状況
Oさんの両親は、Oさんが子供の頃に離婚しました。
母がOさんの親権者となり、Oさんは父と長年連絡を取っていませんでした。
そんな中、父の後妻の子と名乗る人物から、父が数年前に亡くなったことや父の遺産についての話合いを求める通知書が届きました。
Oさんは、異母きょうだいが存在した事実や父が亡くなった事実に大変驚きました。
ただ、母との離婚前の父には借金があったことや、異母きょうだいとの関わりを持ちたくないと考えたことから、Oさんは相続放棄をしたいと考えました。
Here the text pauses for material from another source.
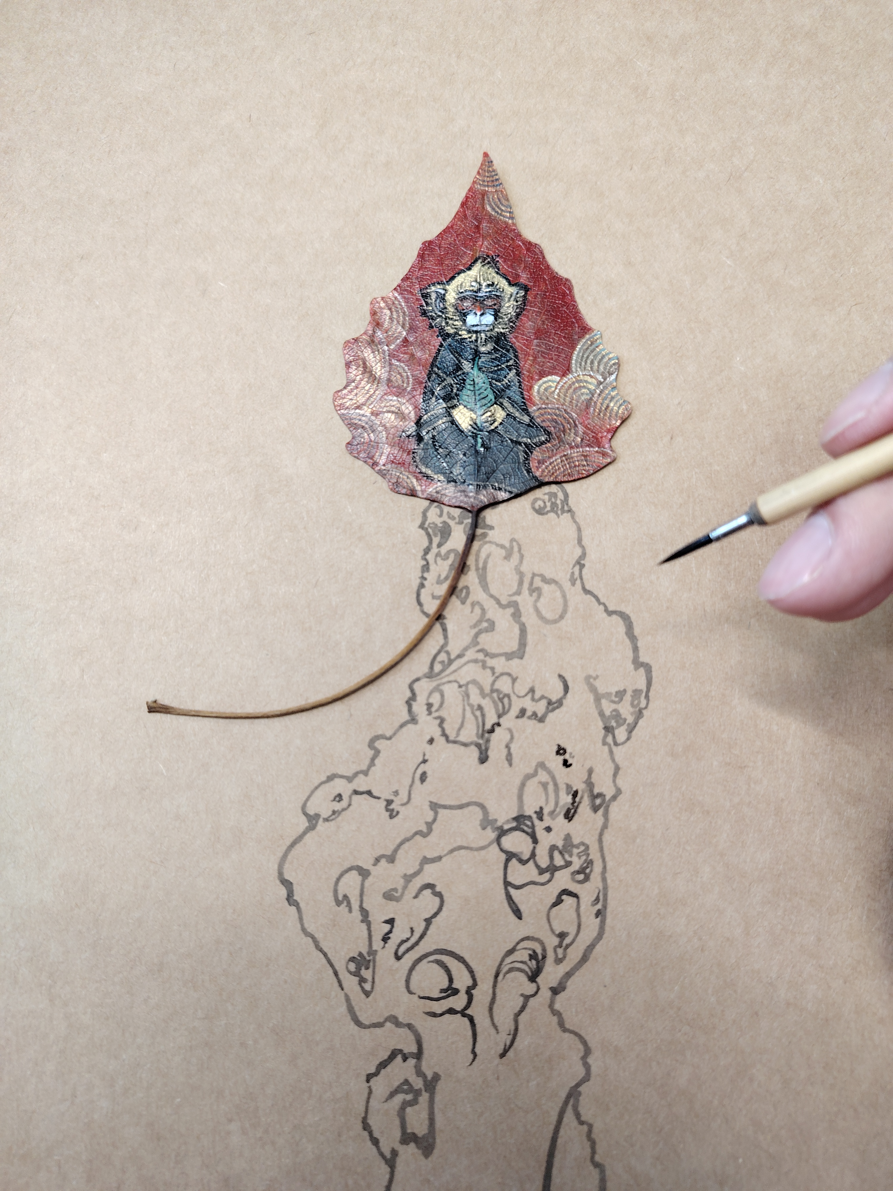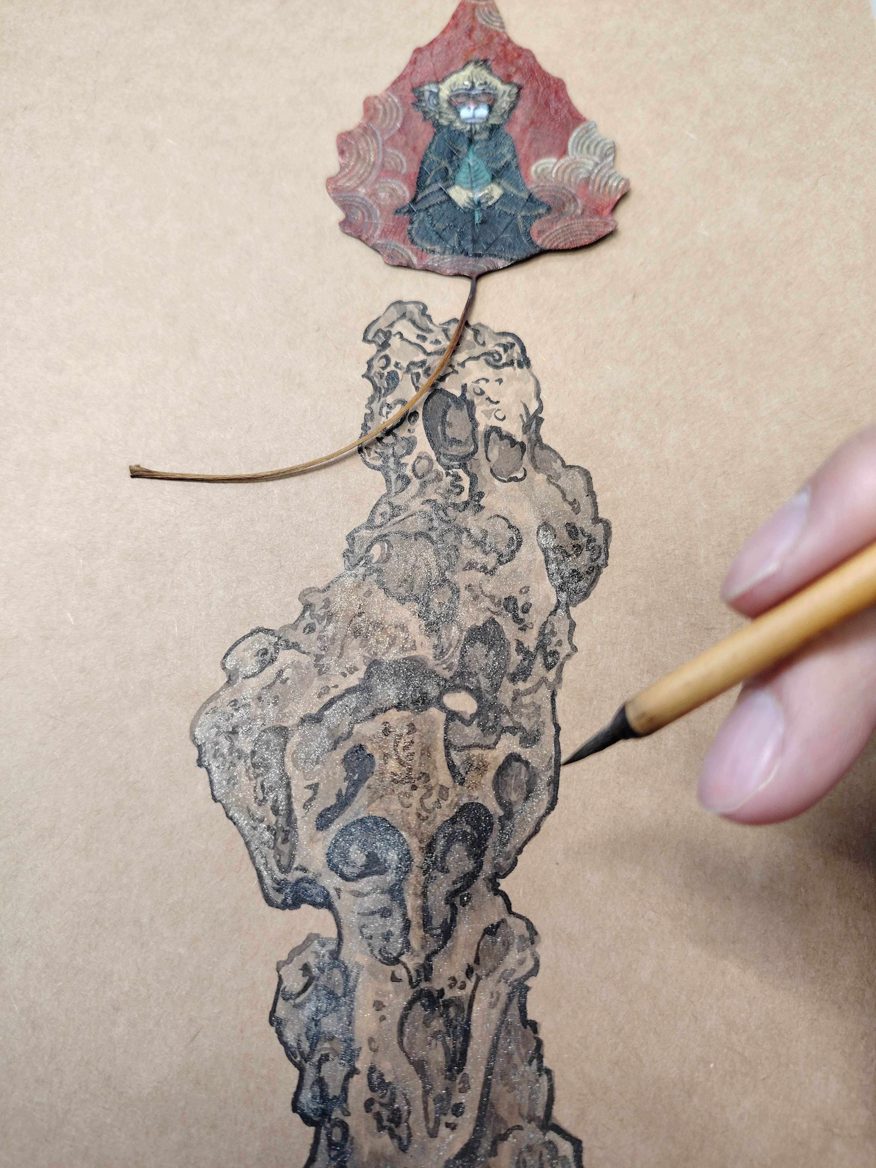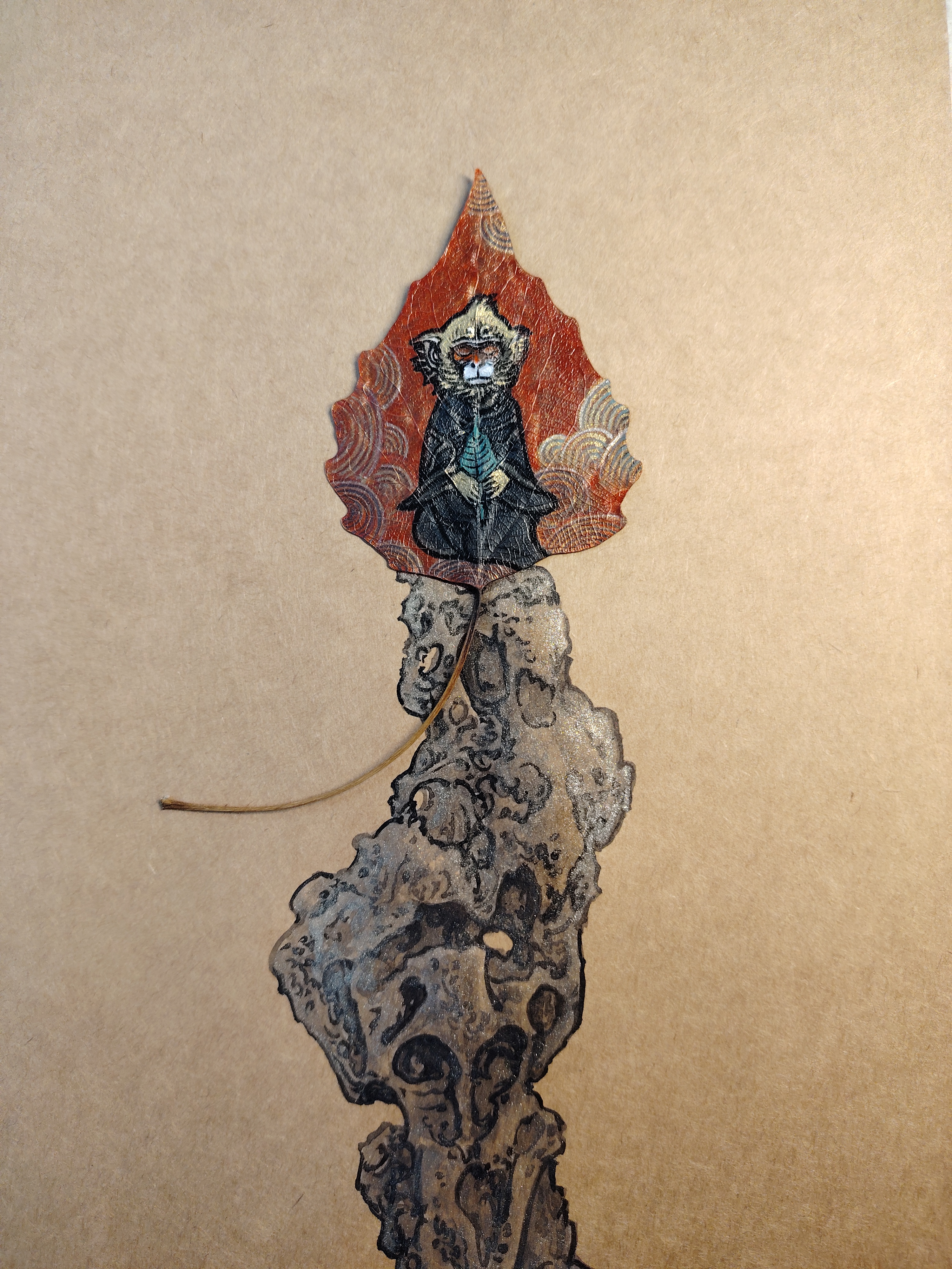 此作品取北京颐和园排云殿前太湖石为灵感,石猴静思端坐于石顶,手拿菩提叶。而叶画的叶柄恰似猴尾展开,动静之间暗喻不动如山,心有波涛之意。

しかし、Oさんは、相続放棄は被相続人が亡くなってから3か月以内に行わなければならないと聞いたことがあったため、「もう相続放棄できないのではないか」と大きな不安を感じ、当事務所にご相談されました。
弁護士の活動
弁護士は、まずOさんと父との関係や父の相続発生を知った経緯、相続放棄を希望する理由について詳しく伺いました。
そして、Oさんと父に長年交流がなかったことや異母きょうだいからの通知書を受領して初めて父が亡くなったことを知ったことなどを具体的に主張した上で、相続放棄申述を行いました。
その結果、家庭裁判所に相続放棄が受理されました。
ポイント
1 相続放棄の理由~他の相続人と一切関わりたくない~
相続放棄を行う理由として一番多いのは、「被相続人の負債(借金)が資産よりも多くなっている」というものです。
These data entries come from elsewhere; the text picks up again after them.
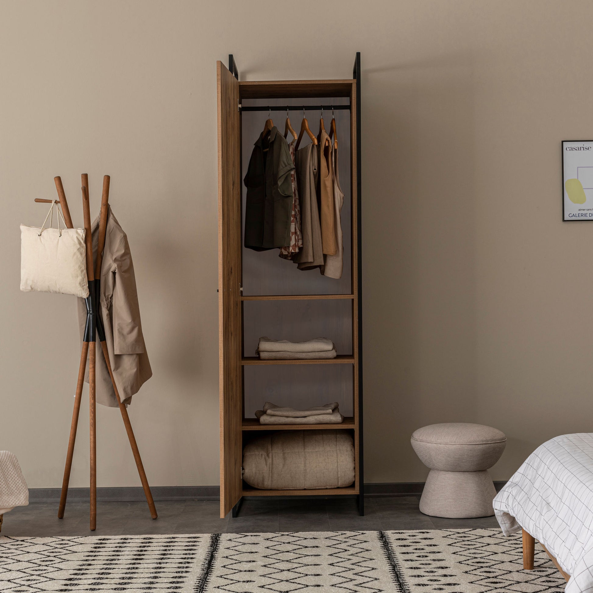 Equipado com pernas metálicas e uma altura de perna de 10 cm, este roupeiro não só tem estilo como também é resistente. Pode ser facilmente fixado à parede para maior estabilidade.
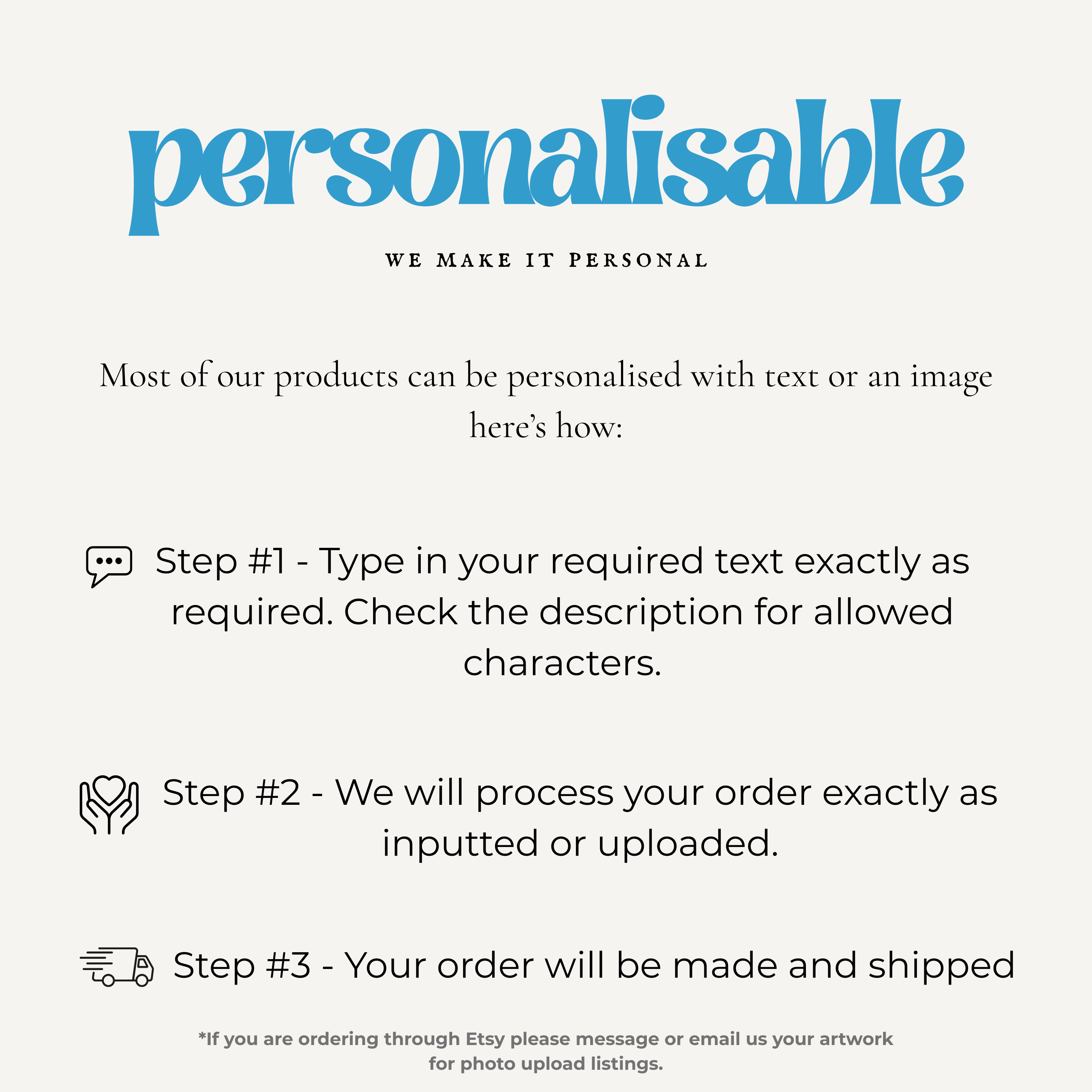 Please insert your chosen message! Some products can be personalised with a unique photo. Please check the description for the preset texts and character count allowed.
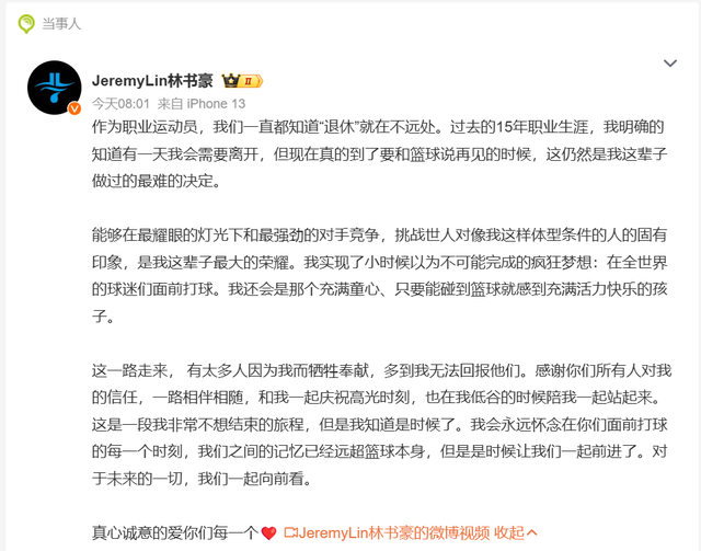 2025年8月31日,林书豪在社交媒体宣布退役。
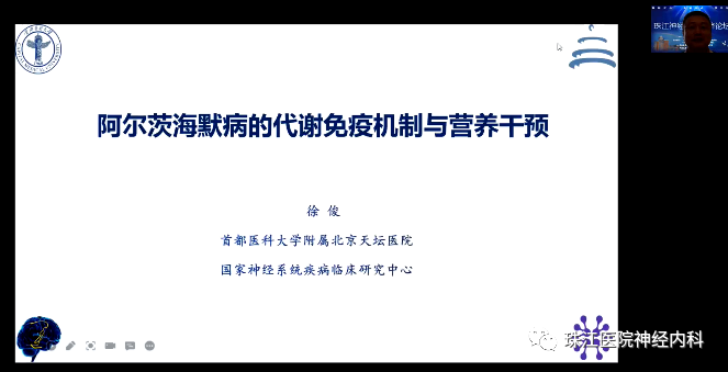 徐浚教授以“阿尔兹海默症的最新研究进展”为题,提出最新研究的血源性标志物有许多方面新的进展,但是目前公认的还是Aβ和p-tau具有一定的临床价值。目前发现脑肠轴对从大脑发育开始起作用,对大脑功能和许多神经病学起着重要的作用,可能的机制主要有免疫,内分泌系统,神经方面。微生物群对各个系统均有调节作用,其中也参与神经系统的发育和功能,从饮食改变肠道菌群,从而改变了AD标志物,因此要重视AD的营养风险评估并制作营养干预计划。此外还提出了最新研究的认知障碍预后评估体系,可有效指导临床精准治疗。
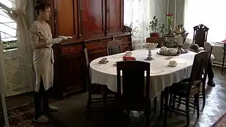 В центре столовой располагается большой обеденный стол. За каждым из членов семьи были закреплены собственные столовые принадлежности, которые представлены в экспозиции. Интерьер дополняют старинные часы с маятником, ломберный столик, буфет, книжный шкаф, где книги по химии соседствуют с работами по краеведению, истории и художественной литературой (все находящиеся в нём книги имеют дарственные надписи Александру Арбузову от авторов[87]), а также комнатные цветы, за которыми ухаживала Екатерина Арбузова[23]. В столовой находится печка с плитой. Во время Великой Отечественной войны именно в этой комнате проживала семья академика[87].
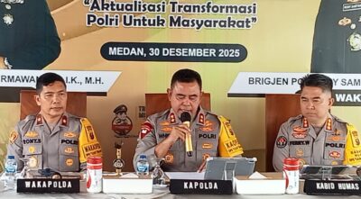 “Hajar terus peredaran narkoba di Jalan Jermal XV, hajar terus. Bila perlu, tembak saja gembong narkoba yang membandel dan melawan,” tegas Kapolda Sumut saat rilis akhir tahun 2025 di Mapolda Sumut, Selasa (30/12/2025).

それ以外に、売却等が困難な不動産が存在するため相続を希望しない、被相続人の面倒を看てくれていた相続人に遺産をすべて取得させたい、他の相続人と今後関わりたくないため相続も希望しないなどの理由で相続放棄を希望される方もおられます。
今回のケースでは、Oさんとしては、仮に被相続人に遺産があったとしても、それ以上に異母きょうだいとのかかわりを一切持ちたくないという強いご意向でした。
そのため、弁護士は慎重にOさんのご意向を確認した上で、被相続人の財産状況の調査を積極的に行うことなく相続放棄の申述を行いました。
2 遺産がプラスかマイナスか不明…そんな時はどうすれば?専門家と相続財産調査を検討しましょう
被相続人の遺産が不明であるためものの、被相続人が債務超過だった場合のリスクを避ける目的で相続放棄を検討される方もおられます。
このような場合に遺産の金額や内容次第では相続を希望する可能性があるのであれば、まずは相続財産の調査を行うべきです。
もしも熟慮期間内に相続財産の調査が終わらない見込みである場合、家庭裁判所に対し熟慮期間の伸長を求めた上で、相続財産を行う時間を用意することで対応することが可能です。
3 【重要】相続放棄の期限、誤解していませんか?「知った時から3ヶ月」がポイント!
注意が必要なのは、相続放棄が「受理」されたからといって相続放棄の効力が確定するわけではないという点です。
相続放棄の「受理」は、要式行為である相続放棄のあったことを公証する行為であり、相続放棄が有効であることを確定する裁判ではないとされています。
そのため、相続放棄の申述が家庭裁判所に受理されたとしても、相続放棄が有効であることが確定するわけではなく、債権者が事後的に訴訟で相続放棄の有効性を争ってくる可能性があります。
そこで、相続放棄の手続きのために収集した資料については、受理後も大切に保管しておき、万が一、債権者から相続放棄の有効性を争われた場合に備えておくことが重要です。
相続放棄が受理された後に相続放棄が無効とされるリスクについては、以下の関連記事をご覧ください。
関連記事:相続放棄は受理後でも無効になる?~「受理」の意味と注意点~
4 消滅時効
相続放棄の期限(熟慮期間)は、「被相続人の相続発生から3か月以内」ではなく、「自己のために相続の開始があったことを知った時から3か月以内」です(民法915条1項)。
そのため、今回のケースでは、Oさんが父が亡くなった事実を知って3か月以内であれば相続放棄を行うことができることから、熟慮期間内の相続放棄が可能でした。
なお、存在を全く把握していなかった異母きょうだいからの連絡があったとしても、戸籍謄本など被相続人の死亡の事実を証明する資料などが示されていない場合には、被相続人の死亡の事実を未だ覚知したとはいえない可能性があります。
その場合、戸籍謄本などを示されたタイミングが「自己のために相続の開始があったことを知った時」となることあります。
この問題については、詳しくは以下の記事をご覧ください。
関連記事:亡くなった親族の借金…債権者からの通知で相続放棄の期限はスタートする?
※掲載中の解決事例は、当事務所で御依頼をお受けした事例及び当事務所に所属する弁護士が過去に取り扱った事例について、案件や依頼者様の特定ができないように内容を編集したものです。